We considered a discrete-time generalised renewal equation model that accounts for heterogeneity in infectiousness between different infected individuals. In the transmission model, each infected individual is assigned an individual infectiousness factor, \(\alpha\), from a gamma distribution with shape parameter \(k\) and mean one (although, in principle, other distributions could be used). If the reproduction number, \(R\), remains constant during that individual’s infection, the realised number of secondary infections generated by the individual is then assumed to follow a Poisson distribution with mean \(\alpha R\). This Poisson-gamma formulation is equivalent to assuming that the realised number of secondary infections from a randomly chosen infected individual follows a negative binomial offspring distribution with mean \(R\) and dispersion parameter \(k\)11\(.\) Smaller values of \(k\) correspond to a greater degree of superspreading (Supplementary Fig. 1). The offspring distribution is a geometric distribution if \(k=1\), while a Poisson distribution is obtained in the limit \(k\to {\infty }\)11\(.\)

More generally, accounting for temporal changes in the reproduction number, \({R}_{t}\), between different times, \(t\), the model-simulated incidence of newly infected individuals, \({I}_{t}\), is generated as follows:

$${I}_{t}\sim {{{\rm{Poisson}}}}\left({{{\rm{mean}}}}={R}_{t} {\sum}_{\tau=1}^{{\infty }}{w}_{\tau}\,{J}_{t-\tau }\right)$$

(1)

$${J}_{t}\sim {{{\rm{Gamma}}}}\left({{{\rm{shape}}}}=k{I}_{t},{{{\rm{scale}}}}=\frac{1}{k}\right)$$

(2)

Here, \({w}_{\tau }\) is the probability mass function of the discrete generation time distribution (the probability that the interval between the dates of infection of an infector-infectee pair is \(\tau\) days), and \({J}_{t}={\sum }_{i=1}^{{I}_{t}}{\alpha }_{t,i}\) represents the sum of the individual infectivity factors (\({\alpha }_{t,i}\)) of the individuals infected on day \(t\) (labelled \(i=1,\ldots,{I}_{t}\)). We note that this formulation is valid because the sum of independent gamma-distributed random variables with identical scale parameters also follows a gamma distribution (with the same scale parameter).

Outbreak risk

Analytical approach

The outbreak risk, \({p}_{t}\), is defined to be the probability (under the above transmission model, and assuming that the reproduction number is known at all times) that an outbreak, initiated with a single incident infection at time \(t\) (i.e., taking \({I}_{t}=1\), with \({I}_{s}=0\) for \(s ), does not become extinct. As shown in the Supplementary Methods, the outbreak risk satisfies the following equation:

$${p}_{t}=1-{\left(1+\frac{1}{k} {\sum}_{\tau=1}^{{\infty }}{R}_{t+\tau }{w}_{\tau }{p}_{t+\tau }\right)}^{-k}$$

(3)

In our numerical analyses, we assumed that \({R}_{t}\) is a periodic function of time (so that \({p}_{t}\) is also periodic with the same period). In that scenario, a closed system of equations for the values of \({p}_{t}\) (across all values of \(t\)), which can be solved numerically, can be obtained from the above expression (see the Supplementary Methods for details).

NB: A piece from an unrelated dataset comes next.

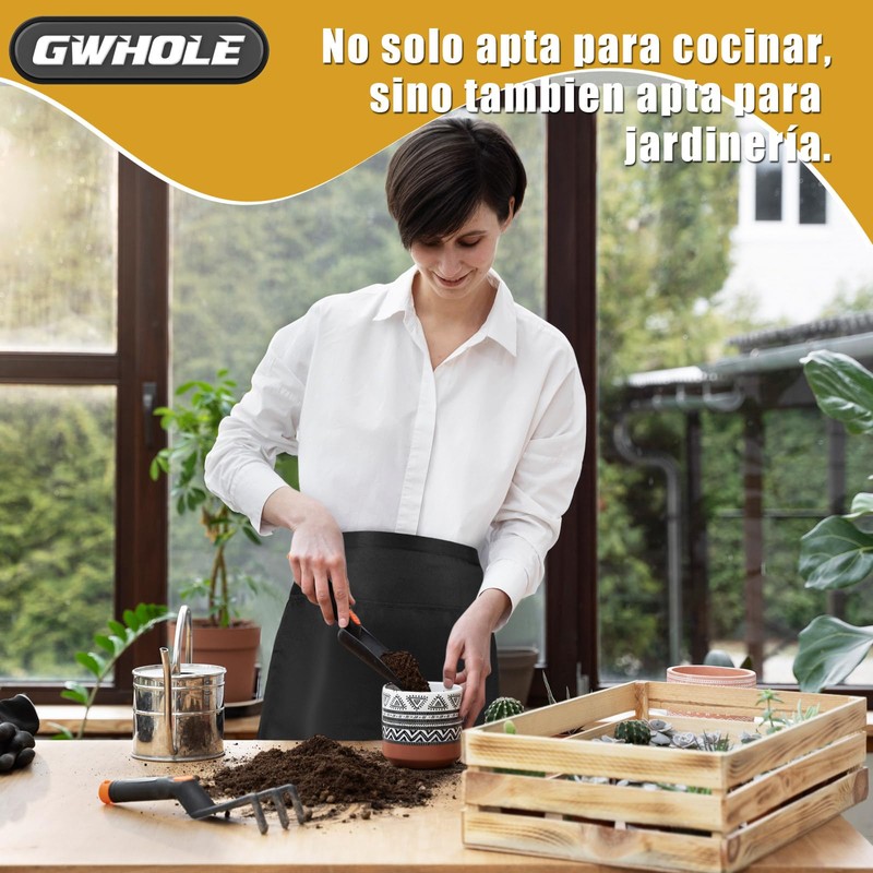 • 🥃Delantales Apta Varias Situaciones:Este delantal no solo puede usar para cocinar, sino que también apta para cutivar, pintar, limpiar etc.

If \({R}_{t}=R\) is constant in time, then the implicit equation for the outbreak risk, \({p}_{t}=p\), derived in ref. 11 is recovered:

$$p=1-{\left(1+\frac{{Rp}}{k}\right)}^{-k}$$

(4)

The outbreak risk is then given by the largest solution less than one of Eq. (4)11.

Simulation-based approach

An alternative method for calculating the outbreak risk at time \(t\) involves simulating the renewal model a large number of times, initiating each simulation with a single incident infection at time \(t\). The outbreak risk is then calculated as the proportion of model simulations in which the daily incidence of new infections ever exceeds a specified threshold. Each simulation is run until either the outbreak ends (i.e., there are no new infections for a period exceeding the maximal generation time) or the incidence threshold is exceeded. When we used the simulation-based approach in Fig. 1E, we conducted 20,000 model simulations for each time of pathogen introduction and used an incidence threshold of 30 infections.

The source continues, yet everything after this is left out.